Alors il est évident que Drug War est un film plus sérieux, au sens du réalisme, et plus courageux, car tenir ce genre de propos est tout de même plus culotté en Chine qu'en Corée du sud.

Esthétiquement, la photo bleutée avec des pointes d'orange est une idée piquée au film original, de même que le mélange électro-symphonique de la musique (moins puissante en Chine).

Le remake n'a donc rien inventé stylistiquement !

L'introduction est plus claire, on est rapidement dans la trame principale, sans la digression inutile de la junkie à venger du film coréen.

Question narration, le film chinois est plus dégraissé, il va à l'essentiel, pour nous décrire les méthodes réelles des deux camps.

Il est aussi plus trash, la drogue cachée dans le colon, les policiers en filature qui n'ont qu'une hâte c'est de pisser, etc...

Par contre, l'invention de la mort de la mère et des blessures du chien qui poussent l'informateur à collaborer dans Believer est une bonne idée, car dans l'original il se met à tout balancer sans même qu'on l'est menacé.

Cependant, le jeu de Louis Koo est plus subtil, il est moins impassible, plus humain, alors que dans Believer le twist est pas éventé facilement à cause du jeu de l'acteur.

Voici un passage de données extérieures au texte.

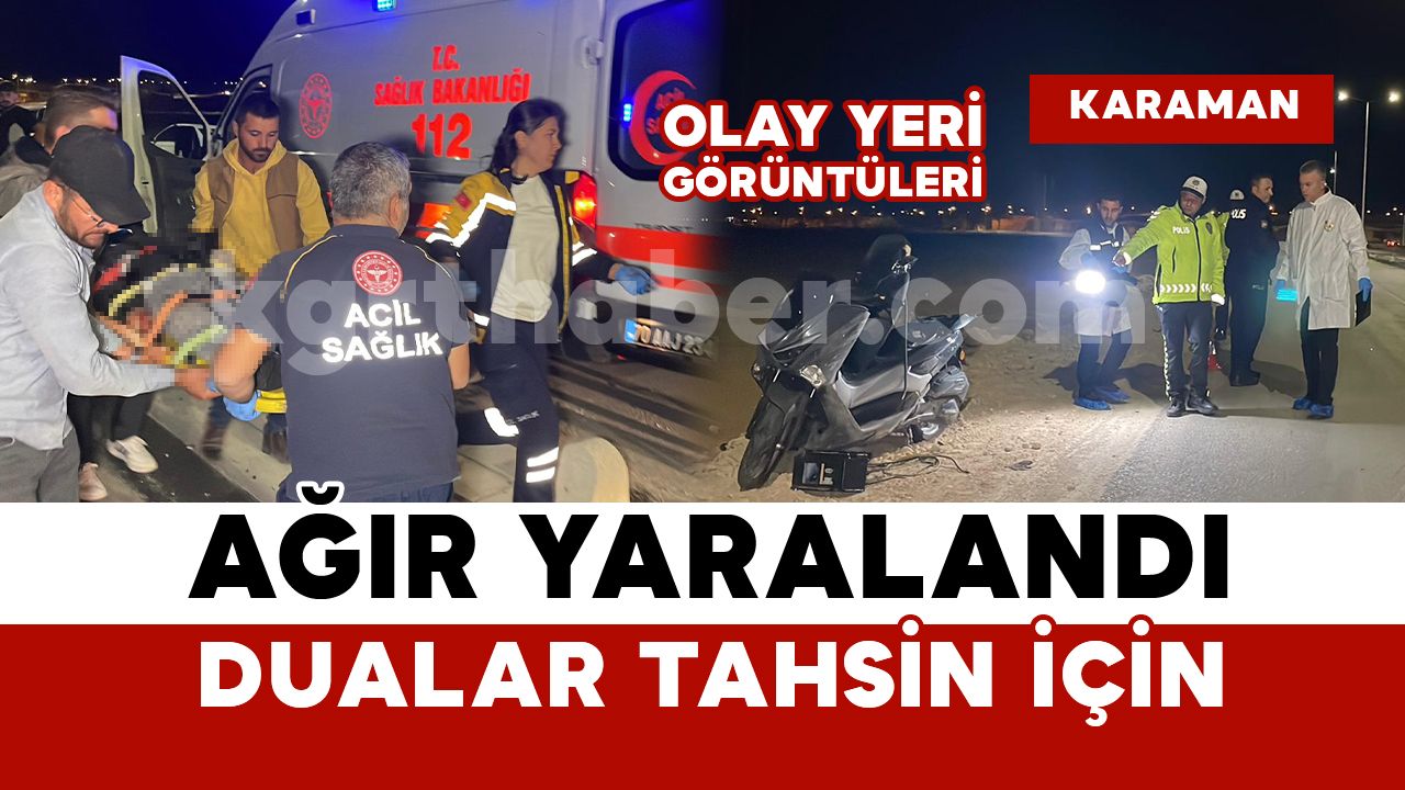 Karaman’da kontrolden çıkarak devrilen motosikletin sürücüsü ağır yaralandı.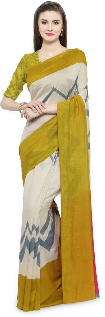 Printed Fashion Poly Crepe Saree (Cream)

A l'opposé, Kim Joo-hyuk est 100 plus intense que l'acteur chinois dans l'original, de même que la coréenne qui joue sa maîtresse, et les séquences du rencart sont beaucoup plus tendues dans le second film.

 

Le rôle de la fliquette est plus important dans l'original, elle est plus active, moins potiche.

Il est aussi plus clair dans Drug War que les ouvriers du labo sont sourds muets pour ne pas pouvoir raconter ce qu'ils savent.

A l'inverse le deuil de Louis Koo est moins touchant, puisque le décès de sa femme n'est pas montré.

Les flics chinois sont beaucoup plus efficaces que leurs homologues coréens, leur descente au labo de campagne est carrément une opération militaire rondement menée.

Les fusillades chinoises sont plus chorégraphiées, moins chaotiques, par contre les bastons à mains nues coréennes sont bien plus violentes.

Globalement Believer est plus speed, le suspens y est plus intense, tout est plus nerveux, l'action, le jeu des acteurs, la musique, le montage...

Drug War est plus auteurisant, plus soigné en cadrages, plus réaliste et souhaitant vraiment informer plus qu'épater la galerie.

 

Notons que la deuxième partie de Drug War, une fois l'infiltration bien entamée, diffère totalement de celle de son remake.

Le réalisateur Lee Hae-young a donc su créer de vrais surprises mais en tirant le récit vers la pure exploitation.

La fusillade interminable sur le parking de Johnny To a quand même la classe, avec ses cadres millimétrés, c'est tout de même le meilleur en activité pour ce genre de scènes, il valait mieux que Believer parte dans une autre direction...

En conclusion, beaucoup moins moralisateur, mais aussi moins réaliste que l'original, le remake est donc une variation intéressante aussi, certes plus série B que son modèle, mais loin d'être une version inutile.